If the something results in impeachment, hello President Pence. He's almost worse in some ways but at least not a fucking unpredictable child. We know how bad he is.

If it's the military, probably because he orders a nuclear strike because those are the best bombs you know, then it's hard to say how it resolves. If Mattis is in charge I tend to think it revolves back to President Pence, but nothing like that has ever happened before. But unlike before I also think the guys with the nuclear codes are probably preparing, and have been since the election, to figure out how they will react to whatever tantrum the manchild in chief might direct their way. These are career guys who truly believe in duty. That means they will follow their POTUS up to a certain point, but I also think it means there is a point beyond which he is no longer their POTUS, politics be damned. And I would bet they have already gamed that out and identified that point and agreed among themselves about exactly where it is.
posted by Bringer Tom at 7:29 PM on January 7, 2017 [9 favorites]


Trump’s Dangerous Anti-C.I.A. Crusade Op-Ed by Michael J Morell (deputy director and twice acting director of the CIA between 2010 and 2013)

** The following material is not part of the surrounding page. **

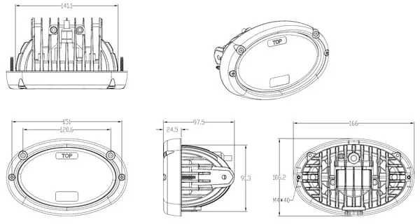 Headlight LED, 20/24W, oval, 10/30V, 166×106.2×97.5mm, high/low beam, 3-pin open cable flush mount

...The president-elect’s rhetoric will undermine the effectiveness of the C.I.A. in two key ways. First, expect a wave of resignations. Attrition at the C.I.A., which has been remarkably low since Sept. 11, 2001, will skyrocket. The primary motivator for some of our smartest minds to go to work at the C.I.A. is to make a difference to national security, to play a role in keeping the country safe. All of the sacrifices — from the long hours, polygraph tests, unfair media criticism, not to mention the real dangers to life and limb — are worth it, if you are making a difference.

If the president rejects out of hand the C.I.A.’s work, or introduces uncertainty by praising it one day only to lambaste it on Twitter that afternoon, many officers will vote with their feet. These officers cannot be easily replaced. It takes years of training and, more important, on-the-job experience to create a highly capable case officer, analyst, scientist, engineer or support officer. It would take at least a decade to recover from a surge in resignations.

There is precedent for this. When President Jimmy Carter’s C.I.A. director, Stansfield Turner, made it clear that, in his view, technology was making human intelligence obsolete, hundreds of officers departed. He then fired hundreds of others who questioned his approach; it took years for the agency to return to its pre-Turner strength. The Trump resignations could make the Turner departures pale by comparison.


"He then fired hundreds of others who questioned his approach; it took years for the agency to return to its pre-Turner strength. The Trump resignations could make the Turner departures pale by comparison."

I will google (what I bolded) this but does anyone know if this is true or hyperbole?
posted by futz at 7:30 PM on January 7, 2017 [5 favorites]


But the Tea Party taught us a valuable lesson, if only we've got the courage to learn it: losing seats is sometimes preferable to harboring traitors.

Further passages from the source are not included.